(Data extracted from a collection)
++++++

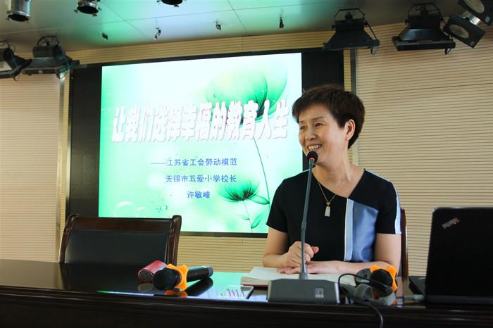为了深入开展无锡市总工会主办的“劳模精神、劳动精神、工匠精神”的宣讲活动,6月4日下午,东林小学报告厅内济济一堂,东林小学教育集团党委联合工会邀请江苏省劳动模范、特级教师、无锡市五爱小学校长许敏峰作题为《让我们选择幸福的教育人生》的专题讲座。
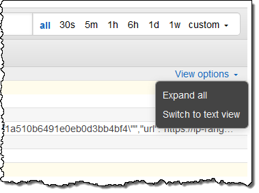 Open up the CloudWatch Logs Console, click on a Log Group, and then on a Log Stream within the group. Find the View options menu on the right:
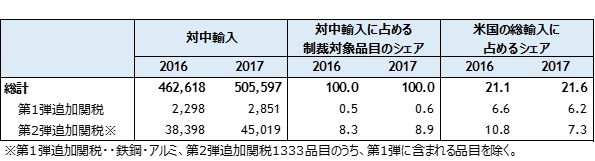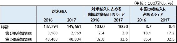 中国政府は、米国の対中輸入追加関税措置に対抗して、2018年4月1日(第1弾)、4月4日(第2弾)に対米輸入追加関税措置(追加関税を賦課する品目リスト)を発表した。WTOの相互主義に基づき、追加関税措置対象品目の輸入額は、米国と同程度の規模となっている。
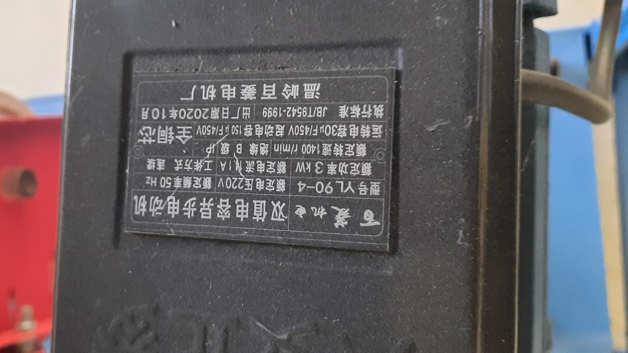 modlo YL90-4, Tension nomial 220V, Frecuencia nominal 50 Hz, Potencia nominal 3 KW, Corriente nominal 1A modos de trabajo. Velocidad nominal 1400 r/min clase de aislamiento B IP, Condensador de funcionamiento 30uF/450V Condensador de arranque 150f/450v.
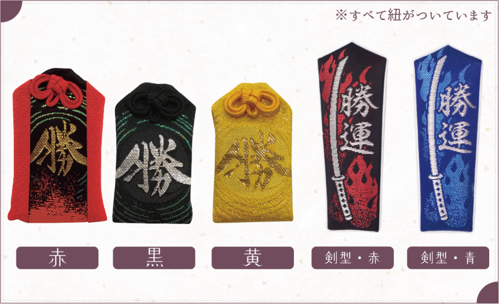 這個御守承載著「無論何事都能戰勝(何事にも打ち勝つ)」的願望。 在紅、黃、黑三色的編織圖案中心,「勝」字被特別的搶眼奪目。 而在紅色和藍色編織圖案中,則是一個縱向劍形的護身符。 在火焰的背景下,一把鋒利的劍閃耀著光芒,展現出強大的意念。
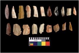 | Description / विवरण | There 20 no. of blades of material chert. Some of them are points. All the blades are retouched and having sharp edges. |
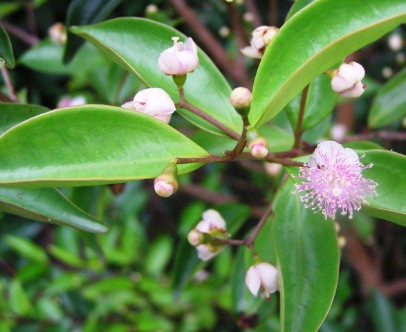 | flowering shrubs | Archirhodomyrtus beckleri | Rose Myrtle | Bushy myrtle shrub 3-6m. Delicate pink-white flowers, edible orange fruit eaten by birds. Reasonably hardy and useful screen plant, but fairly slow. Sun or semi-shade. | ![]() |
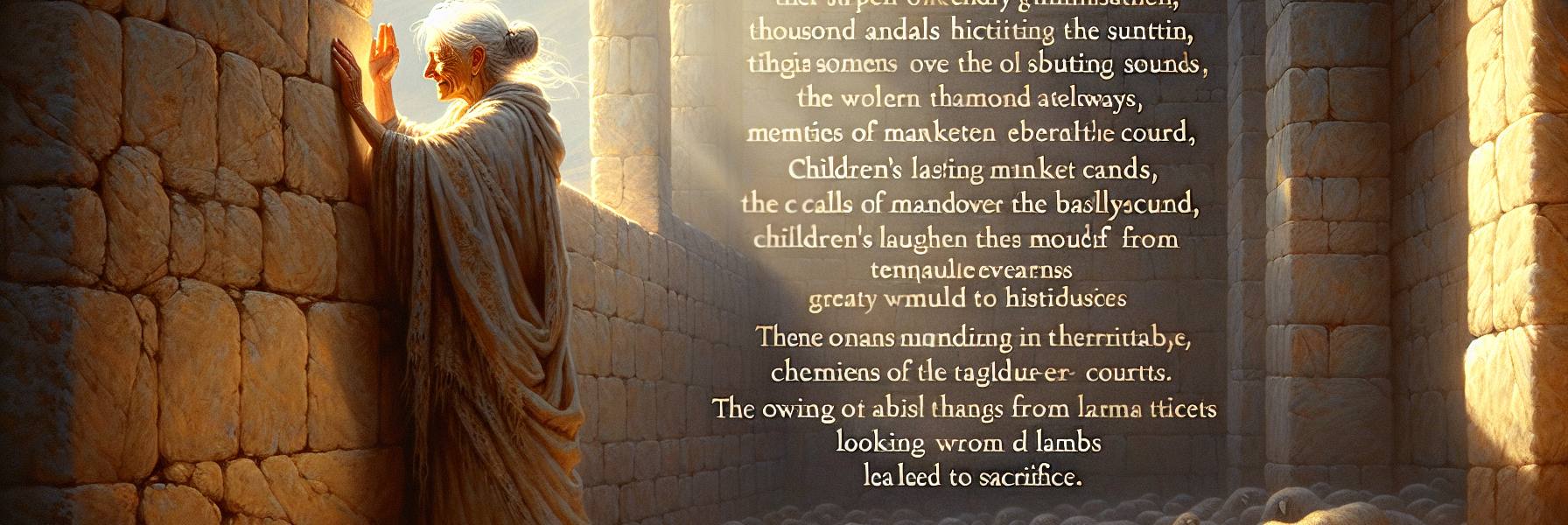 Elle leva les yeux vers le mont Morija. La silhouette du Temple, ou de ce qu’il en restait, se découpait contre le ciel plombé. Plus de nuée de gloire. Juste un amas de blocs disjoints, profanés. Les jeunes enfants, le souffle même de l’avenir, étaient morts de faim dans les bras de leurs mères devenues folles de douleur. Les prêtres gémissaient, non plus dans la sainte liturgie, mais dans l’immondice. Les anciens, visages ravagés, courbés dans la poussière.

++++++

▶ **Your objective**
The pictures stay out; repeat exactly the lines from the one with "Open up the" to the end of the entries above, and nothing else.

▶ **Finished exercise**
 Open up the CloudWatch Logs Console, click on a Log Group, and then on a Log Stream within the group. Find the View options menu on the right:
 中国政府は、米国の対中輸入追加関税措置に対抗して、2018年4月1日(第1弾)、4月4日(第2弾)に対米輸入追加関税措置(追加関税を賦課する品目リスト)を発表した。WTOの相互主義に基づき、追加関税措置対象品目の輸入額は、米国と同程度の規模となっている。
 modlo YL90-4, Tension nomial 220V, Frecuencia nominal 50 Hz, Potencia nominal 3 KW, Corriente nominal 1A modos de trabajo. Velocidad nominal 1400 r/min clase de aislamiento B IP, Condensador de funcionamiento 30uF/450V Condensador de arranque 150f/450v.
 這個御守承載著「無論何事都能戰勝(何事にも打ち勝つ)」的願望。 在紅、黃、黑三色的編織圖案中心,「勝」字被特別的搶眼奪目。 而在紅色和藍色編織圖案中,則是一個縱向劍形的護身符。 在火焰的背景下,一把鋒利的劍閃耀著光芒,展現出強大的意念。
 | Description / विवरण | There 20 no. of blades of material chert. Some of them are points. All the blades are retouched and having sharp edges. |
 | flowering shrubs | Archirhodomyrtus beckleri | Rose Myrtle | Bushy myrtle shrub 3-6m. Delicate pink-white flowers, edible orange fruit eaten by birds. Reasonably hardy and useful screen plant, but fairly slow. Sun or semi-shade. | ![]() |
 Elle leva les yeux vers le mont Morija. La silhouette du Temple, ou de ce qu’il en restait, se découpait contre le ciel plombé. Plus de nuée de gloire. Juste un amas de blocs disjoints, profanés. Les jeunes enfants, le souffle même de l’avenir, étaient morts de faim dans les bras de leurs mères devenues folles de douleur. Les prêtres gémissaient, non plus dans la sainte liturgie, mais dans l’immondice. Les anciens, visages ravagés, courbés dans la poussière.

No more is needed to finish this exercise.